В 1851 году на Кубу вторгся Нарсисо Лопес. Он родился на Кубе, воевал против Симона Боливара, венесуэльца, желавшего освободить Южную Америку от испанцев и создать единое латиноамериканское государство. Хотя Лопес служил на Кубе чиновником, представлявшим интересы Испании, его увлекла мысль об аннексии Кубы Соединенными Штатами. Американцы давно заигрывали с этой идеей. В 1808 году президент Джефферсон отправил в Гавану посла, чтобы разведать возможность купить остров, как это было проделано с Луизианой
[28]. Из этого ничего не вышло, но к концу 1840-х годов, с ростом напряженности между рабовладельческими и свободными штатами Америки, на юге заинтересовались приобретением того, что могло бы стать еще одним рабовладельческим штатом. Разумеется, это значило, что данная мысль встретила неприятие среди свободных чернокожих и аболиционистов.

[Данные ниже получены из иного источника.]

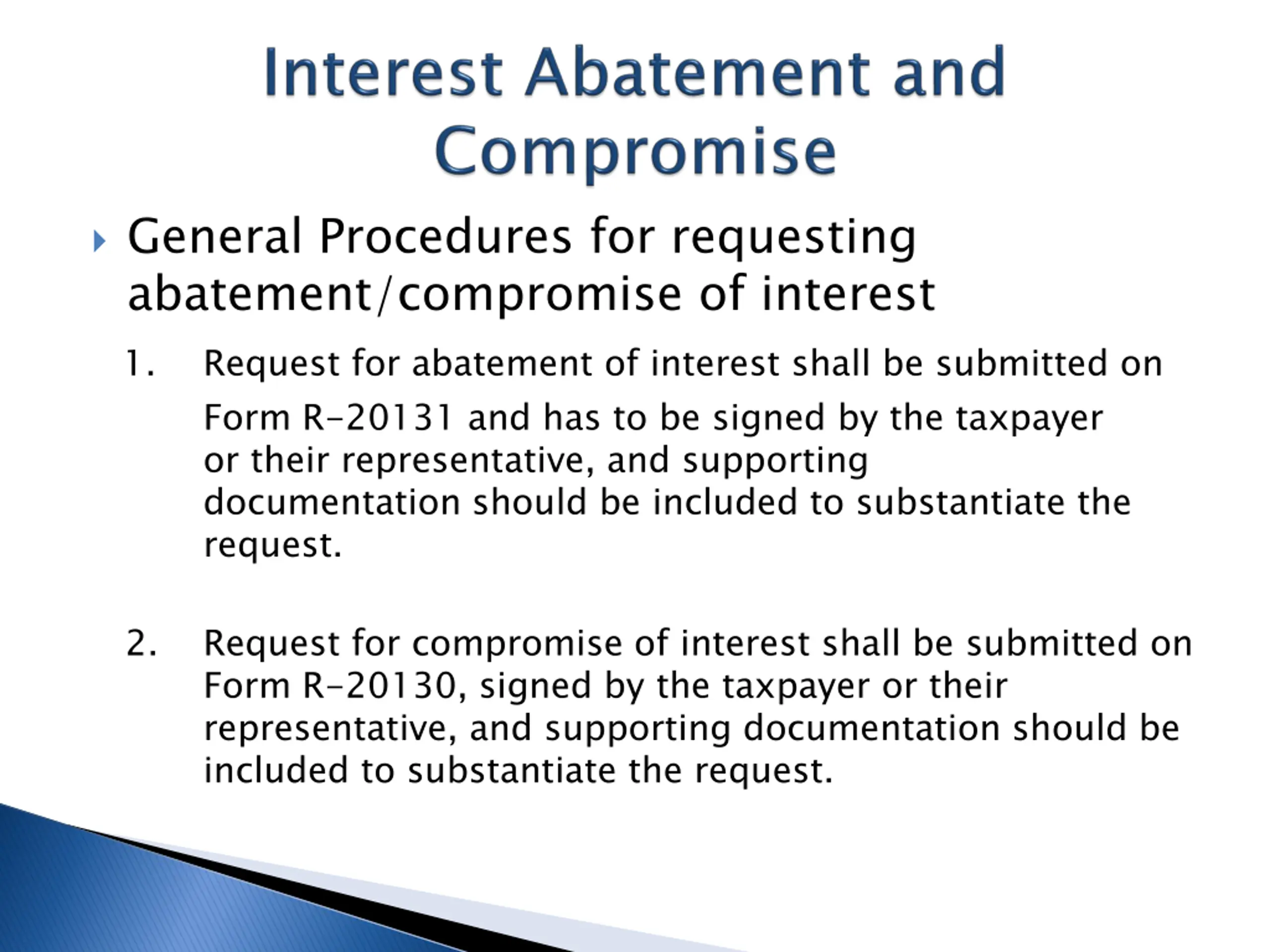 General Procedures for requesting abatement/compromise of interest 1. or their representative, and supporting documentation should be included to substantiate the request. Request for abatement of interest shall be submitted on Form R-20131 and has to be signed by the taxpayer 2. Request for compromise of interest shall be submitted on Form R-20130, signed by the taxpayer or their representative, and supporting documentation should be included to substantiate the request.

Нарсисо Лопеса в Соединенных Штатах горячо поддерживали сторонники идеи «Явного предначертания» — весьма спорной уверенности, что белой расе предназначено судьбой подчинить себе весь североамериканский континент. Некоторые, например Джон Куинси Адамс, видели в этом убеждении заговор с целью распространить рабство. Авраам Линкольн был одним из противников «Явного предначертания». Предопределением судьбы обосновывали США свои действия, когда вторглись в Мексику в 1846 году и захватили почти половину ее территории.